After Hermes submits the join request:

  1. In Paperclip, review the pending agent join request.

  2. Approve it from the board UI, or use:

    sh
    pnpm paperclipai join list --company-id <company-id> --status pending_approval
pnpm paperclipai join approve <request-id> --company-id <company-id>

  3. Hermes claims the one-time agent API key:

    sh
    pnpm paperclipai join claim-key <request-id> --claim-secret <secret>

  4. Store the claimed Paperclip key in Hermes runtime state or secrets. The claim secret and claimed key are sensitive and should not be pasted into issue comments, logs, or prompt text.

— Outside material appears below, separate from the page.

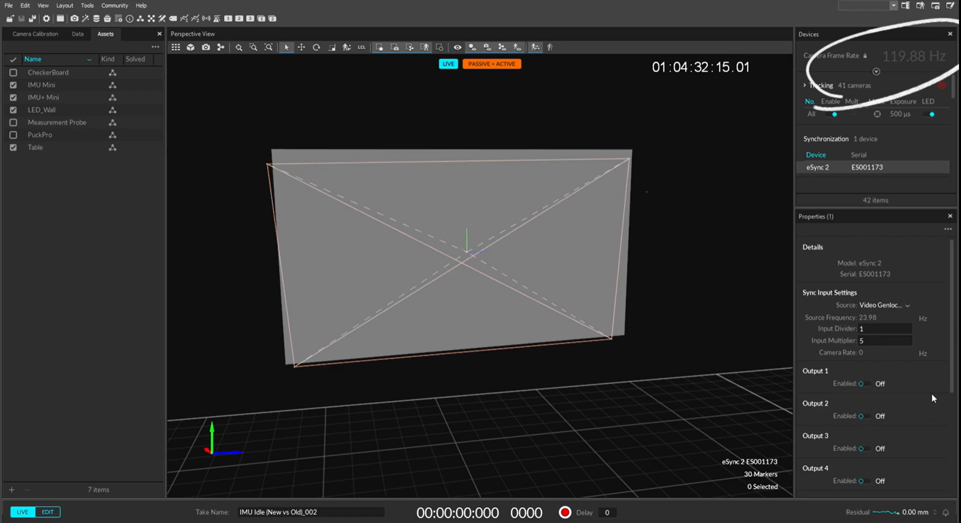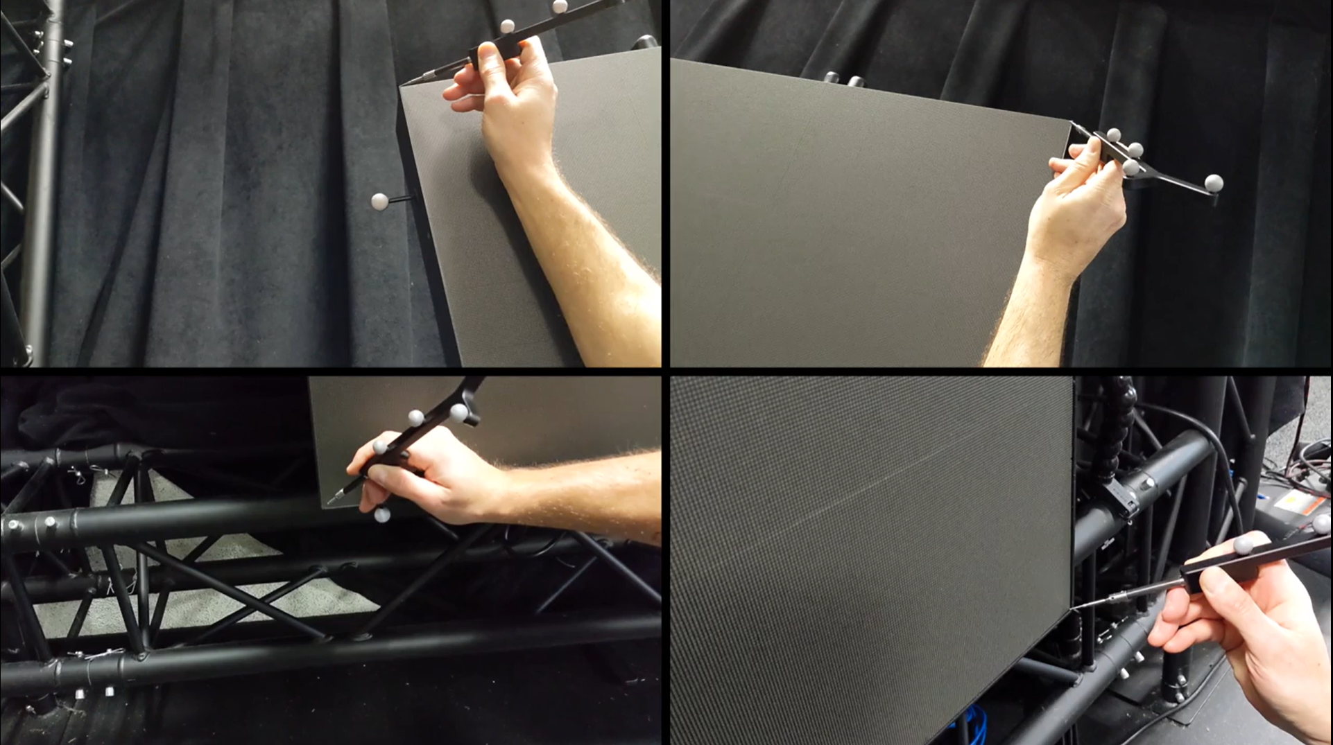 The OptiTrack system is used to track the camera, calibration checkerboard, (optional) LED Wall, and (optional) any other props or additional cameras. As far as OptiTrack hardware is concerned, you will need all of the typical hardware for a motion capture system plus an eSync2, BaseStation, CinePuck, Probe, and a few extra markers. Please refer to the Quick Start Guide for instructions on how to do this.

Once the key is claimed, create an issue assigned to the new Hermes gateway agent and wake it through the normal Paperclip heartbeat path.

Local Fresh-State Smoke

For a fresh Docker-backed Hermes gateway and end-to-end Paperclip join/run verification, use:

sh
PAPERCLIP_API_URL=http://127.0.0.1:3100 \
PAPERCLIP_AUTH_HEADER='Bearer <board-token>' \
pnpm smoke:hermes-gateway-e2e

The E2E smoke:

  • builds a fresh Hermes gateway container
  • seeds a minimal non-secret Hermes model config
  • passes provider keys from the host environment without printing them
  • verifies Hermes /health, /v1/capabilities, /v1/runs, SSE, and stop
  • creates and approves a Paperclip agent-only invite
  • joins as hermes_gateway
  • wakes the agent on a smoke issue
  • removes Paperclip and Docker test state on success

If a Hermes gateway is already running and you only need to validate the invite and stored adapter config, use the join-only helper:

sh
API_SERVER_ENABLED=true API_SERVER_KEY='<gateway-key>' hermes gateway run --replace --accept-hooks

PAPERCLIP_API_URL=http://127.0.0.1:3100 \
PAPERCLIP_AUTH_HEADER='Bearer <board-token>' \
HERMES_GATEWAY_API_BASE_URL=http://127.0.0.1:8642 \
HERMES_GATEWAY_API_KEY='<gateway-key>' \
pnpm smoke:hermes-gateway-join

See HERMES_GATEWAY_SMOKE.md for Docker Desktop, Linux, same-network Docker, LAN/private-network, and reverse-proxy/TLS examples.

Install Entry Points

Use these entry points depending on who is driving setup:

  • Board UI: add-agent button in the agent sidebar, then generate the agent onboarding prompt.
  • Invite API: GET /api/invites/:token/onboarding.txt for the generated llm.txt-style setup instructions.
  • CLI invite flow: pnpm paperclipai invite create, invite show, invite onboarding:text, join approve, and join claim-key.
  • Smoke helpers: pnpm smoke:hermes-gateway-e2e for fresh-state Docker verification and pnpm smoke:hermes-gateway-join for an already-running gateway.
  • Adapter development override: Adapter manager can install @paperclipai/hermes-paperclip-adapter as an external override, but normal operators should use the built-in hermes_local and hermes_gateway adapters.